2. It requires extreme calorie restriction (under 800 - 1,000 calories per day). The only time this should ever be done is under qualified medical supervision. 

3. It requires purchasing special foods or products only available from a single source (aka, them).

4. It ignores the importance of exercise and behavioral/lifestyle changes. Without these you will most likely just regain any weight that you lose.

5. It requires you to invest a significant amount of money up front for a membership or subscription and does not offer a refund if you are dissatisfied or do not see results.

6. Claims are made of secret, special or proprietary ingredients not available anywhere else, especially if the "ingredients" are not revealed.

7. Promises that you will "lose belly fat", or fat from any other specific area of your body. You cannot target weight loss that way. 

8. Fails to address long term success and provide a transition to maintaining your weight once you reach your goal. (GLP-1 drugs for example offer no such transition, you just have to keep taking them and will regain the weight you lost if you stop doing so. This has spawned an entire mini-industry to help wean people off the drugs by basically doing the things that would have made the drugs unnecessary in the first place!)

9. Restricts you to consuming a limited number of foods or macroeconomic classes. (A balanced diet is what works.)
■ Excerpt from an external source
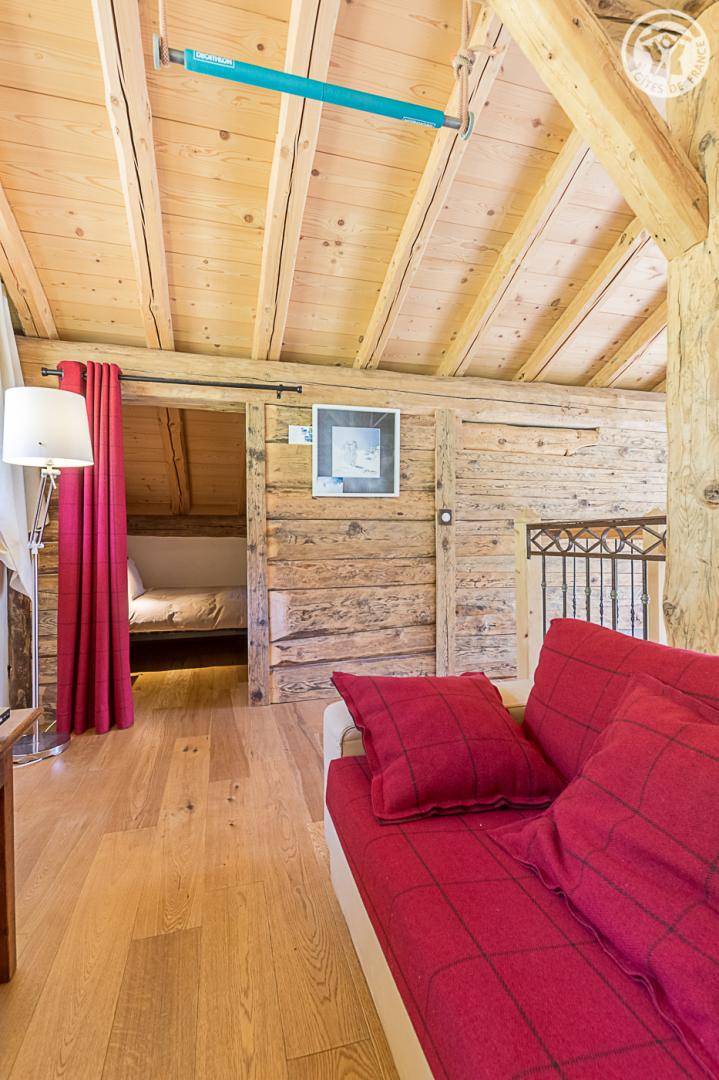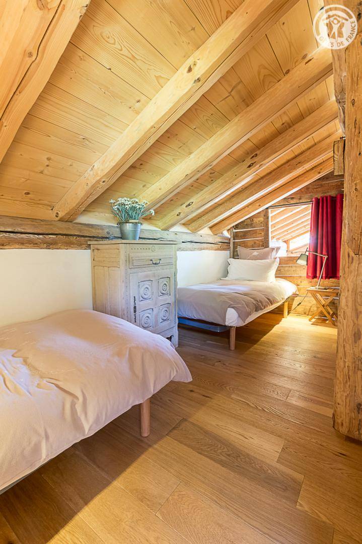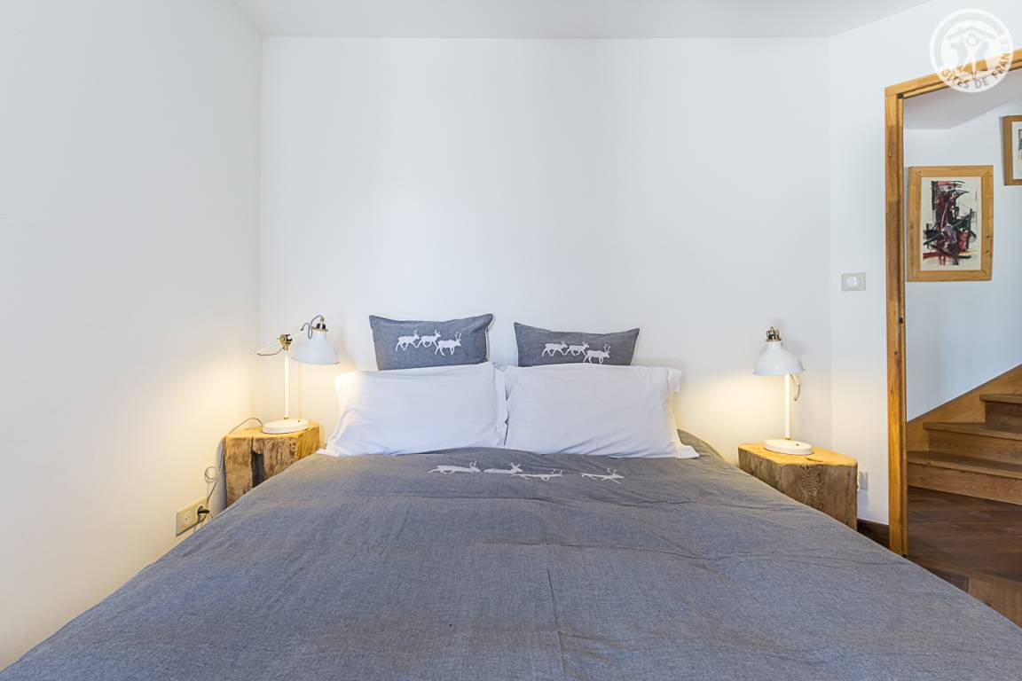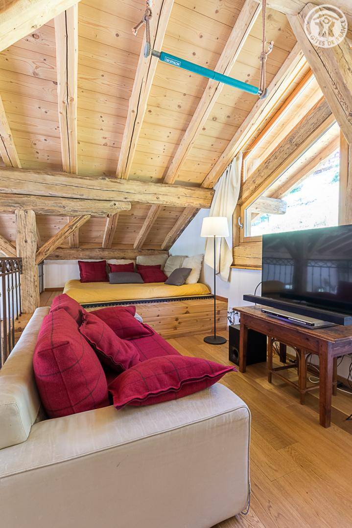Individuelles Chalet auf 3 Ebenen. 1. Stock (Zugang auf der gleichen Ebene wie das Haus an der Hangseite): Wohnzimmer-Küche mit Lounge-Bereich, Mezzanine mit leerem Raum zum Wohnzimmer, darunter ein Wohnzimmer mit Fernseher, Bluetooth-Soundbar, eine "Kabine "Schlafzimmer mit nur einem Durchgang zum Wohnzimmer (2 Einzelbetten), einem Duschbad und separatem WC (Waschbecken). Erdgeschoss: 3 Schlafzimmer mit Zugang zu einer Terrasse (2 Betten 90 x 200 cm, die zu 1 Doppelbett 180 x 200 cm kombiniert werden können / 1 Doppelbett 160 x 200 cm / 1 Doppelbett 160 x 200 cm), ein Badezimmer (begehbar -in Dusche, Bad und WC). Gesamtwohnfläche: 113 m² Dachgeschoss inklusive. Balkon-Terrasse. Kleiner flacher Platz in Naturrasen.

10. Claims that it will be easy or that no changes to your diet or lifestyle will be needed (just their product).

As anyone who has successfully lost a significant amount of weight and kept it off will tell you, these are common sense considerations. Use them to assess any weight loss products or programs that you are considering and walk away from any that check any of these boxes.

 

 

21 May 2025

Intermittent Fasting - Fad or Fabulous?

 

Intermittent fasting - taking nothing but water - for 12 to 16 hours a day has become a popular routine for many people who believe that it improves their health.

It turns out that I am an intermittent faster and never even knew it! Typically I have dinner between 6:00pm and 7:00pm every day. I hardly ever have anything more to eat after that. I start my day at about 7:30am and, by the time I am up and about and take my dog out for his walk, its is around 9:00am before I have breakfast (if I do at all). So without even realizing it, I have been "intermittent fasting" for around 14 hours just about every day. 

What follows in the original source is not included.